Oxford Brookes turns 150


Oxford Brookes University celebrated its 150th anniversary this week. In 1865, the Oxford School of Art was established by John Brookes – thus starting a long journey for the university; from relative obscurity, to the establishment of it’s own identity in the city of dreaming spires. Celebrations were prepared, and on Friday alumni, guests and friends of Oxford Brookes came together to mark the occasion, with local theatre production company Flintlock Theatre putting on a special play, “Educating Oxford”, to celebrate the university’s history.

Other celebrations included an exhibition in the Ashmolean Museum in March, a ‘back in time day,’ and the brewing of a special IPA beer, named after the institution’s former principal and ‘spiritual founder,’ John Henry Brookes. Ed Murray, former graduate, and brewer: “We decided to recreate an authentic 1865 recipe so the beer would reflect what beer tasted like when Oxford Brookes was founded.” Mr. Murray now runs Shotover Brewing Company, in Horspath.

Brookes University began as the Oxford School of Art on the ground floor of the Taylor Institution, now home to Oxford University’s library for the study of European Languages. In 1934, the School of Art and the Technical School were merged, and by 1950, the college was renamed ‘Oxford College of Technology.’ The University became Oxford Polytechnic in 1970, seven years after relocating to Headington, before finally becoming Oxford Brookes University in 1992.

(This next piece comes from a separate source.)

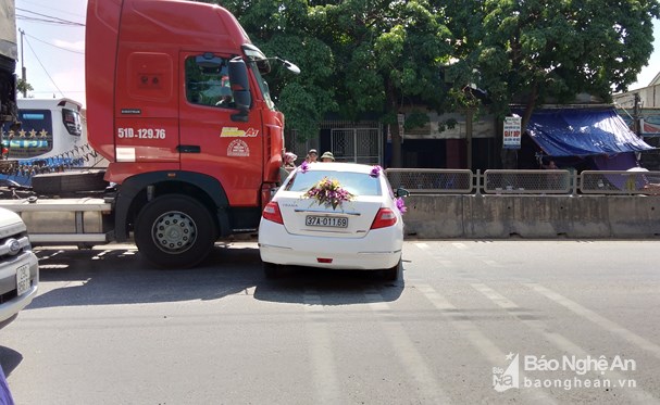 Theo đó vào thời gian trên, xe container BKS 51D 12976 đang lưu thông hướng Vinh - Hà Nội, khi vừa qua cầu Lồi thì bất ngờ chiếc xe hoa BKS 37A - 011.69 lưu thông cùng chiều phía sau vượt lên rồi tạt sang trái trước đầu xe container.
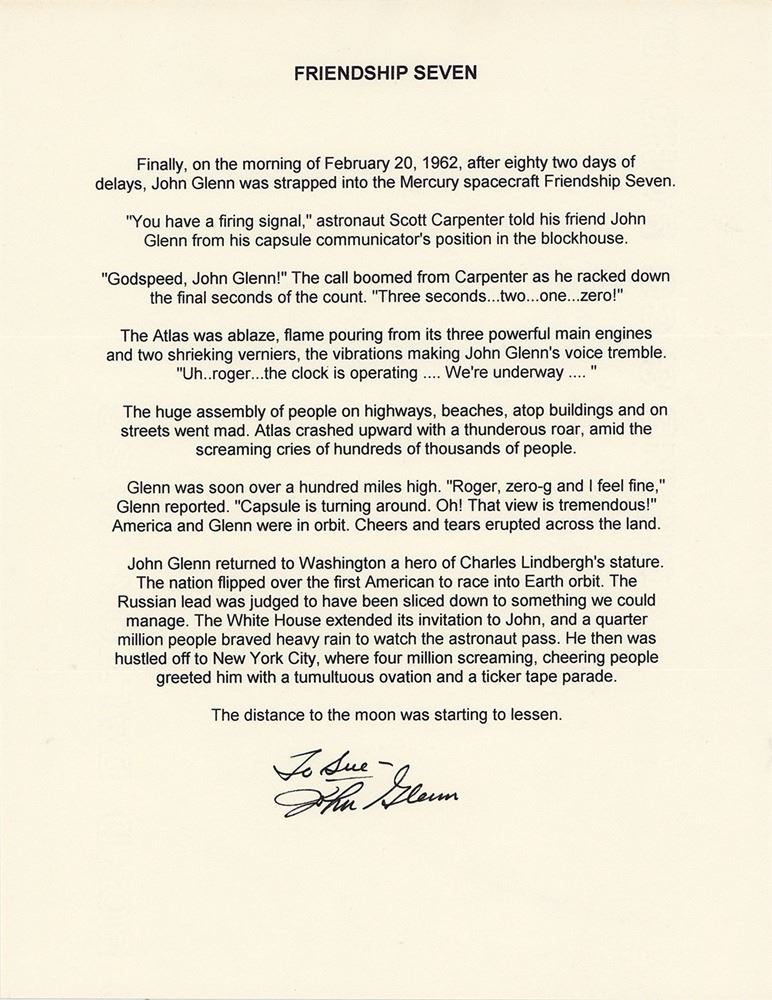 Souvenir typescript, one page, 8.5 x 11, signed and inscribed at the conclusion in black felt tip, "To Sue--John Glenn." An excerpt describing John Glenn's Friendship 7 flight, in part: "John Glenn returned to Washington a hero of Charles Lindbergh's stature. The nation flipped over the first American to race into Earth orbit. The Russian lead was judged to have been sliced down to something we could manage." In fine condition, with two horizontal mailing folds.

Brookes’ oldest surviving alumni Phyllis Timbs and Doris Simms, both 96, were among those commemorating the occasion on Friday. The pair were pre-war classmates at the Oxford School of Technology, Art and Commerce – another incarnation of what would become Oxford Brookes – in 1935.

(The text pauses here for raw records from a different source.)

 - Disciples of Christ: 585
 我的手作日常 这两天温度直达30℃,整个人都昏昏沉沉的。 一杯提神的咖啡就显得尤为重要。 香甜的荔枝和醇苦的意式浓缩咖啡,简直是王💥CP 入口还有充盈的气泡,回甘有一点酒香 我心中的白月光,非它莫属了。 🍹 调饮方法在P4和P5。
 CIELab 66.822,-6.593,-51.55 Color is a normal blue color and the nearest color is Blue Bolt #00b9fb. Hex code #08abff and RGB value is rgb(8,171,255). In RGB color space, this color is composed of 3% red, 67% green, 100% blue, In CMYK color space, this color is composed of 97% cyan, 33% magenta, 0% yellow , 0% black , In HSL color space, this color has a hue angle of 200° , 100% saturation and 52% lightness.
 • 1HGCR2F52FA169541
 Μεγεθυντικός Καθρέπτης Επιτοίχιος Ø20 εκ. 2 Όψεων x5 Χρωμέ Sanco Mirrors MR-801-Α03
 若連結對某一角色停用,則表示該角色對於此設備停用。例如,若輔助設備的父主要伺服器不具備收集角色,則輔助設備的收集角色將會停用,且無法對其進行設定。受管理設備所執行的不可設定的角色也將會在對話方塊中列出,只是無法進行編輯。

Chancellor Katherine Grainger and Vice-Chancellor Alistair Fitt were on hand to greet the esteemed guests. Mr Fitt said: “The event marks a significant day in Oxford Brookes’ history. I am particularly pleased we are able to celebrate our anniversary in the very building where it all began 150 years ago in the Taylor Institution.”

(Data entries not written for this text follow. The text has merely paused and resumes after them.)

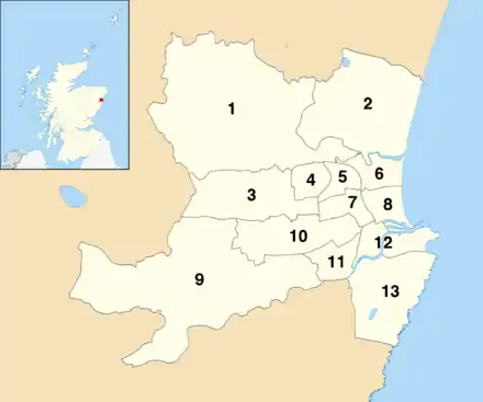 Aberdeen is divided into 13 multi-member wards, electing a total of 45 councillors. This system was introduced as a result of the Local Governance (Scotland) Act 2004, and is designed to produce a form of proportional representation.[16]
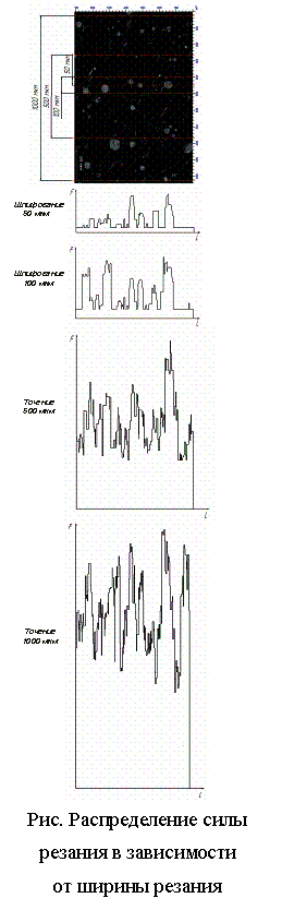 Рассчитанные усредненная характеристика нестабильности резания и коэффициент вариации (табл. 3) показали, что с увеличением ширины резания усредненная характеристика стремится к 1, а коэффициент вариации – к 0, из чего можно сделать вывод, что при увеличении ширины резания распределение силы резания становится более равномерным.
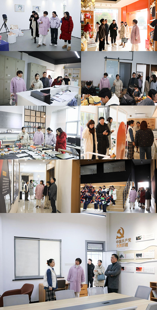 隨后,浦江縣職業(yè)技術(shù)學(xué)校教師一行實(shí)地考察了學(xué)校的美育作品展廳、心理健康教育指導(dǎo)中心、童裝品牌展示中心、湖畔之思工作室、藝承工作室、學(xué)生事務(wù)中心、一爾皮具工作室、匠心坊、工美箱創(chuàng)中心、服裝實(shí)訓(xùn)室、旅游實(shí)訓(xùn)室、小型音樂(lè)廳、舞蹈房等教育教學(xué)場(chǎng)所,詳細(xì)了解學(xué)校在雙高建設(shè)、校園文化等方面的經(jīng)驗(yàn)與做法。濃厚的藝術(shù)氛圍讓老師們頻頻駐足,拍照學(xué)習(xí)。
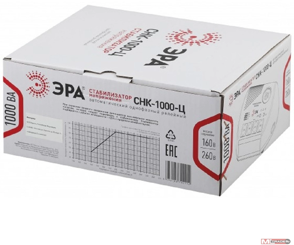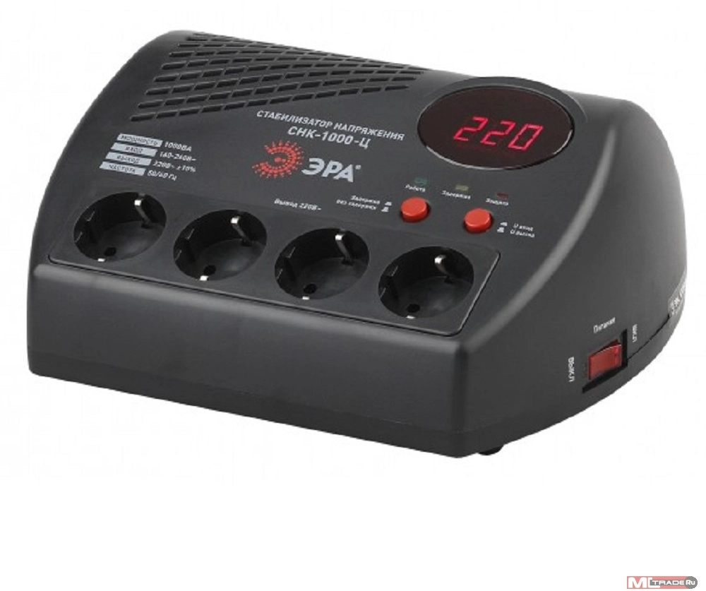 ЭРА Б0031072 СНК-1000-Ц Стабилизатор напр. компакт, ц.д., 160-260В/220В, 1000ВА
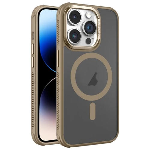 Estuche para Teléfono Magsafe con Marco de Lente de Metal Esmerilado y Sensación de Piel con Enfriamiento Lateral para iPhone 14 Pro Max (Dorado)

Oxford University has since had a long history with Brookes, with a tradition of sporting rivalries, access of the University of Oxford’s libraries for Brookes’ students, and an acceptance of Brookes students into the Oxford Union. Rising from its modest beginnings in central Oxford, the University now sits at 35th on the Guardian University League Table, with top level courses in architecture and history.